Flauschige_Lemmata@lemmy.world 1 day ago
It really depends on the restaurant. Eating Chick-fil-A every day certainly isn’t healthy. But there are plenty of proper restaurants that are.
baggachipz@sh.itjust.works 1 day ago
The problem is that in almost every case, restaurants’ only objectives are to make food that tastes good and make customers think they’re getting a good value. Hence, tons of high-caloric additives and huge portions.
When you cook at home, even if you use oils and other high-caloric ingredients, you still use way less than restaurants do. I promise you, take a “healthy” meal from a restaurant and compare its nutritional content to the same thing you would make at home; the difference will be drastic.
A couple examples:
In these examples, both taste good. But the restaurant versions are tons of empty calories that contribute to a very unhealthy lifestyle. Don’t get me wrong, I like that shit too.
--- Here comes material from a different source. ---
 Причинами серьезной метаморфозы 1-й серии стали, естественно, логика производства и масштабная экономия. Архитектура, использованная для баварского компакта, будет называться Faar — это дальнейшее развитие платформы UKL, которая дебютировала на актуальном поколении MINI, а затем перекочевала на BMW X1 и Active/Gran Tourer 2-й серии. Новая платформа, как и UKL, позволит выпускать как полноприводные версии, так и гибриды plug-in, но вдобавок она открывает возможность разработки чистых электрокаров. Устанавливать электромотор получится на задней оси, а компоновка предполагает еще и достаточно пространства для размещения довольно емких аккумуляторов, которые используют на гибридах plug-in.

But it’s rare for me, I’d rather make it myself and control what goes in.
Flauschige_Lemmata@lemmy.world 1 day ago
Considering that I am struggling not to loose weight, I don’t mind a lot of calories.
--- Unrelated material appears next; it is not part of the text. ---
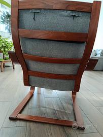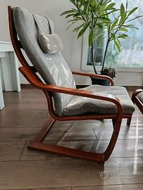Vendo poltrona e poggiapiedi poang di Ikea. color ciliegio e rivestimento grigio. il rivestimento è datato,ma le strutture di legno sono in ottimo stato.

When I make baked potatoes at home I usually use 2 of the biggest potatoes I can find. Per person that is. Then I use Quark with 40% fat, mix in some cream, at least a teaspoon of salt, green onion and some frozen herbs.
I don’t think restaurants make it any less healthily.
Your point about using oil instead of butter is valid enough. Rapeseed oil has a lot of alpha-linolenic acid. Butter a lot of saturated fatty acids. But oil is the cheaper ingredient. Butter is important to archive the traditional tase. If restaurants use butter I won’t hold it against them.
For dishes where you can choose your own carb-rich sides I would appreciate some whole-grain options though. For example cooked spelt. It pairs wonderfully with many traditional German dishes. Far-eastern and Indian restaurants could offer whole grain rice.
White grain is the worst offender when in comes to empty calories. Saturated fats at least still fill you up as much as unsaturated fats. You need twice as much white grain to feel as full as you would with whole grain. And you’ll be hungry an hour later.
NABDad@lemmy.world 1 day ago
How much do you want to bet?
One example:
I’m concerned that I didn’t get butter when I went to the store on Friday because after I came home my wife told me she moved the last four pounds of butter out of the freezer.
I also have heavy cream in the fridge to make ice cream. If there’s not a layer of lard on your spoon after you’re done eating your ice cream, you aren’t really trying.
starlinguk@lemmy.world 1 day ago
You don’t live in Germany, obvs. It’s schnitzel and Maultaschen all the way down.
Flauschige_Lemmata@lemmy.world 1 day ago
I do, actually. Our local restaurant of local cuisine makes an awesome salad with game meat. It’s big enough to really fill you up.
Also, Maultaschen are hardly unhealthy
Bob_Robertson_IX@discuss.tchncs.de 1 day ago
It doesn’t have to be unhealthy. They do have salads and grilled chicken, and even grilled chicken salads. Of course, the healthy items are quite a bit more expensive than the unhealthy items ($3 for large fries vs $4.20 for kale salad).
remon@ani.social 1 day ago
I’d rather work an hour than spend an hour cooking.
Also if you’re spending $700 it’s probably not just fast food, put proper restaurant take-out.
Ashwo@lemmy.world 1 day ago
This is penny wise and pound foolish.
Eating ultra-processed food
Perspectivist@feddit.uk 1 day ago
There’s a bit more nuance to it than home cooked meals being healthy and eating out being unhealthy.
remon@ani.social 1 day ago
I’d rather not cook at all. And what ever money I’m saving I could get more by just working the same time.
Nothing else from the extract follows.